Scores of firefighters and rescue personnel from throughout the state gathered in Annapolis for the 2 p.m. ceremony, held under a huge Maryland flag suspended between two ladder trucks. More than a dozen firefighting and rescue vehicles were parked on streets surrounding the memorial, representing companies in Anne Arundel County and Baltimore City and County, as well as Frederick, Annapolis, Wheaton, Bel Air, Branchville and several other towns.

A crowd of about 200 gathered to watch the ceremony; about a third stood up to identify themselves as families of those being honored, or of those who had been honored in previous ceremonies. As speaker after speaker reminded them, one of the main thoughts behind the ceremony was to offer support to families left behind.

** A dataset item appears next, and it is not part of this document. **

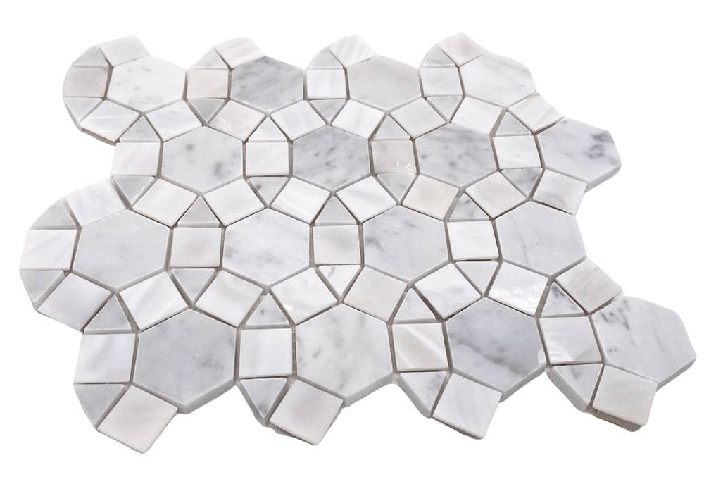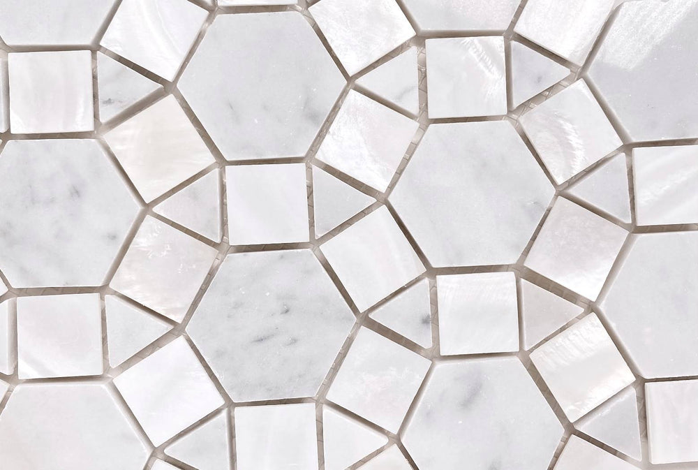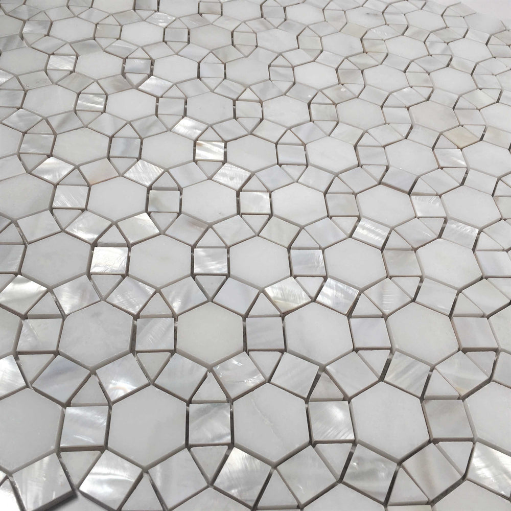 Thassos Hexagon Marble Tile With Circular Mother of Pearl Mosaic Tiles Mother of Pearl Tiles Mixed with...

"We will never leave you — not ever," promised keynote speaker Matthew Tobia, an official with the Loudoun County, Va., Fire and Rescue Department and a former battalion chief in Anne Arundel County. "These are our opportunities to ensure that we are doing everything in our power to never forget."

"A line-of-duty death can be overwhelming," said speaker Shelly Brezicki. But, she said, given time, "you will learn to not count the seconds or minutes since they left."

Brezicki's brother, Gene Kirchner, a firefighter with the Reisterstown volunteer company, was 25 when he died of injuries suffered while searching for victims of a house fire in April 2013.

Family members of those honored, though clearly emotional, said they appreciated the support and camaraderie.

It's heartening "to know that there is that much care and compassion," said Carol Fogle, whose husband of 30 years, firefighter Robert W. Fogle III, died of a heart attack in May 2014 during exercises at Baltimore County's Sparrows Point training facility.

"It's a terrible way to have that honor," Carol Fogle said, "but it is nice that the men and women who have given their ultimate sacrifice are remembered.

In addition to Bethea and Fogle, those honored included Frederick County firefighter Kevin Wayne Jenkins, who died in April 2013 of illnesses related to his service; Mitchell Duane Dobbins, president of Hagerstown's Western Enterprise Fire Company 4, who died in March 2014 of injuries sustained in a traffic accident while on his way to the station; and paramedic Erik Steciak, a volunteer captain at Howard County's West Friendship Volunteer Fire Department who was working as a paramedic for the Bel Air Volunteer Fire Company last January when he was killed while at an accident scene.

"Having the other families around is just a gift," said Jennifer Steciak, Erik Steciak's mother. "It doesn't make it any easier, but it does make it less painful."